You are viewing a plain text version of this content. The canonical link for it is here.
Posted to user@nutch.apache.org by Günter Ladwig <la...@searchhaus.net> on 2013/11/20 12:07:38 UTC

UpdateDbJob increases fetchtime of unfetched pages

Hi all,

I’m currently using Nutch 2.2.1 and noticed what seems to a be a bug in the update step. Everytime I run a crawl (using a modified bin/crawl script), the fetchtime is updated even for pages that were not fetched during the current crawl. 

I found the related bug report NUTCH-1457 [1] through a previous post on this list [2].

For me this means that Nutch 2.2.1 is unusable. I want to run continuous crawls in order to keep a Solr index of a website up-to-date. This bug basically ensures that most pages will never be fetched again as their fetchtime is increased on each updatedb.

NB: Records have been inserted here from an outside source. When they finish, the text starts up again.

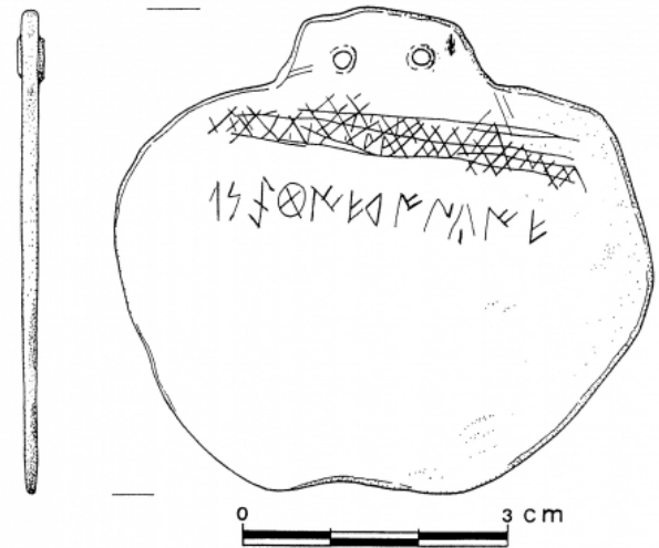
Fig. 73: Plomo ibérico de El Cerro de las Balsas. Sección y reverso (calco según J. Elayi)

Créditos: qnt2-cerro de las balsas-reverso_2006_lam. XV (foto de S.I.P.)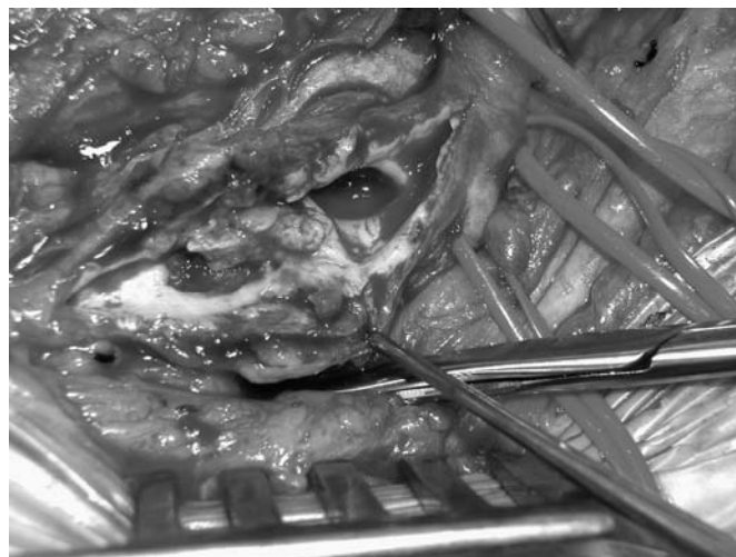
Figura 4: Pseudoaneurisma de aproximadamente 4 cm distal al origen de la arteria femoral superficial con magma fibrosos perianeurismático sin colecciones alrededor y con trombo en su interior.

La incidencia de pseudoaneurismas iatrogénicos en pacientes que han sido sometidos a cateterizaciones previas es de aproximadamente 0,2% (1). Los factores de riesgo para desarrollar pseudoaneurismas iatrogénicos depende tanto del procedimiento (catéteres de gran calibre, procedimientos terapéuticos vs. diagnósticos, realización de múltiples punciones, uso de múltiples catéteres, procedimientos de larga duración, poca experiencia del médico, uso de agentes trombolíticos) como del paciente ( sexo femenino, edades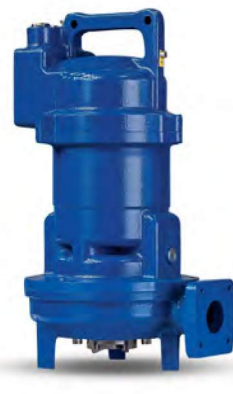
EFP - 30 (BIÇAKLI TİP)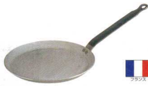
③ クレーパン 共柄 鉄製 デバイヤー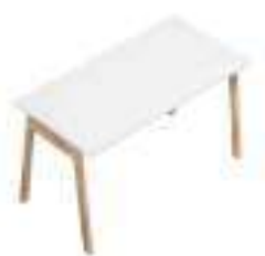
Composition 2 Dim : L. 140 x P. 70 cm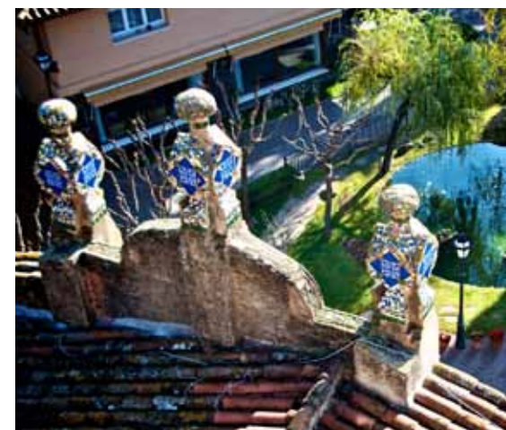
El capcer que culmina la façana principal està decorat amb rajoles de ceràmica i trencadís del mateix material.

Elements típics de les cases d'estiueig, les torres albergaven el dipòsit d'aigua que permetia que hi hagués pressió a tot l'habitatge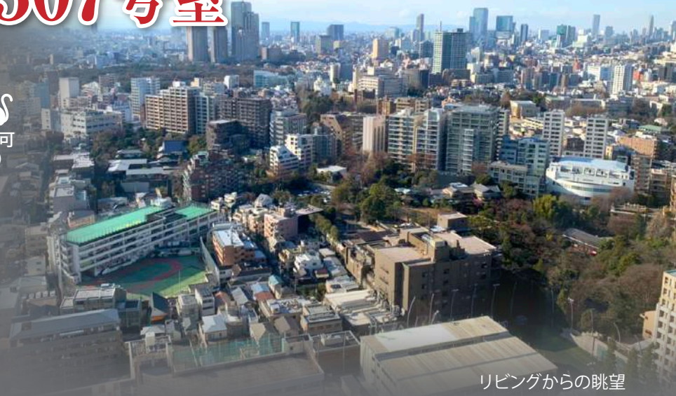
リビングからの眺望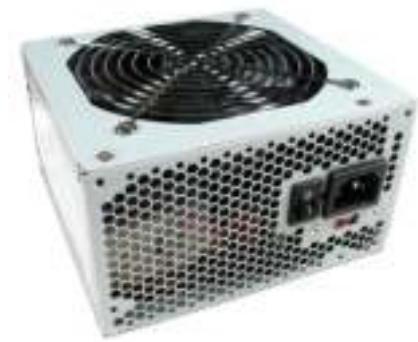
Figura 4.4: Fonte de alimentação

The power supply supplies the electrical power for a computer. It supplies power to the motherboard, drives, and certain expansion cards. It normally has at least one fan that helps cool the power supply and will assist in the task of cooling the computer.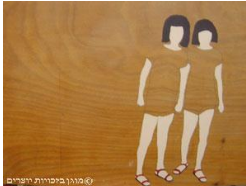
רונית צ'רניקה, אחיות 1, טכניקה מעורבת על דיקט, 2005.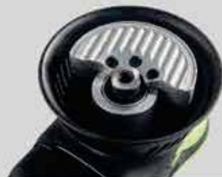
Bölünmüş eksantrik blok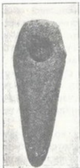
14. Камінна сокіра з недокінченою дірою, з Овруччини (там же).

нійший чоловік не держав домашньої худоби ані звірят домашніх. В часах же новітньої кам'яної культури він уже мав домашню худобу і міг годувати ся мясом і молоком від свого стада. Ще скоріше одомашнив собаку, свого сторожа і вірного приятеля. Навчив ся робити посуду з глини і випалювати її на огні; робив її з руки, без гончарського круга, а проте з часом став виробляти гарні миски й горнята та мережати везерунками. Став робити кращі житла для себе, викопуючи влоговини в землі і надбудовуючи з боків та покриваючи зверху, і так поволі доробив ся досить можливої хатини з дерева чи хворосту, вимашченої глиною. Почав господарити коло землі, сіяти зерно і розтираючи на жорнах пекти хліб або варити кашу.

Is there a workaround? Does this problem appear in Nutch 1.7?

Cheers,
Günter

[1] https://issues.apache.org/jira/browse/NUTCH-1457
[2] http://lucene.472066.n3.nabble.com/updatedb-in-nutch-2-0-increases-fetch-time-of-all-pages-td4008429.html

Re: UpdateDbJob increases fetchtime of unfetched pages

Posted by Günter Ladwig <la...@searchhaus.net>.
Hi,

thanks for the info, I tried the patch. Unfortunately it does not work correctly in my case.

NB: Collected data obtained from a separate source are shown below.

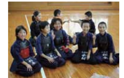
日本の小学生剣士たち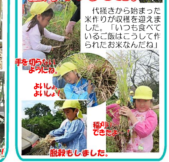
代掻きから始まった米作りが収穫を迎えました。「いつも食べているご飯はこうして作られたお米なんだね」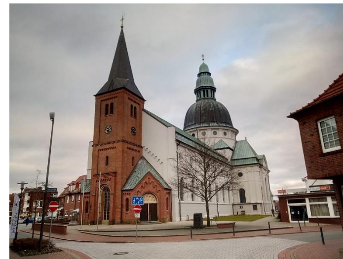
Pfarrkirche „St. Martinus“ – Emsland Dom Kirchstraße, 49733 Haren (Ems) Tel.: 05932-71270

Wir geben Ihnen gerne einige Informationen über unsere Kirchengemeinde.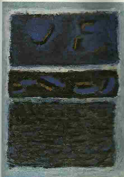
Jan Radersma; 'Retraite', gemengde techniek, 80 x 70 cm ▲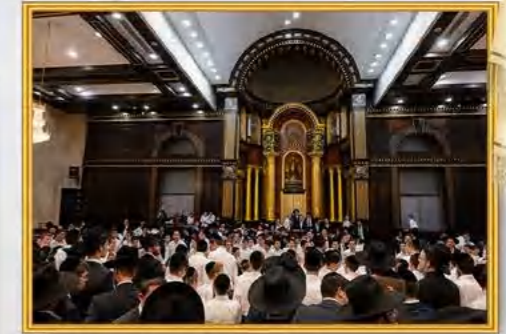
עטרת יוסף שלום מודיעין עילית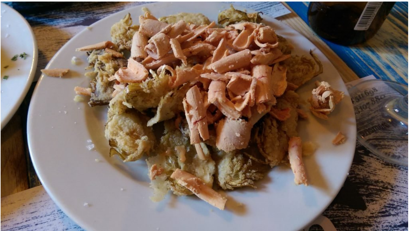
Alcachofra frita com raspas de foie gras.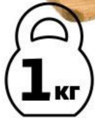
Горбуша горячего копчения тушка, 1 кг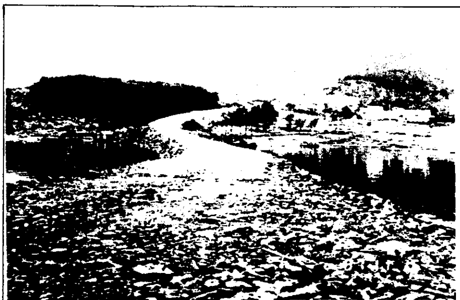
Parsell av den nye rv. 512 ved Susort fra fyllinga og innover mot land.

Men trass i dette - dei fleste syntes nok det var ein fin tur - og eit bra tiltak frå Bokn kommune som arrangerte turen.

I applied both NUTCH-1556-v3.patch and NUTCH-1556-batchId.patch (if this is not correct, tell me). I added the -batchId command to my updatedb call. Now I have the following problem:

1. Inject root URL of website, e.g. http://example.org/
2. First crawl: page is fetched and fetchtime (according to readdb) is set to two days from now, as configured.
3. Second crawl: pages that are linked from http://example.org are fetched. These also contain backlinks to http://example.org/.
4. The status of http://example.org/ is now status_unfetched with a fetchtime that is no longer two days from now, but set to now. Also the distance is no longer 0, but 2. It seems that the original entry for that page is simply overwritten (maybe because it is not in the batch?).
5. Third crawl: http://example.org is fetched again, much too early.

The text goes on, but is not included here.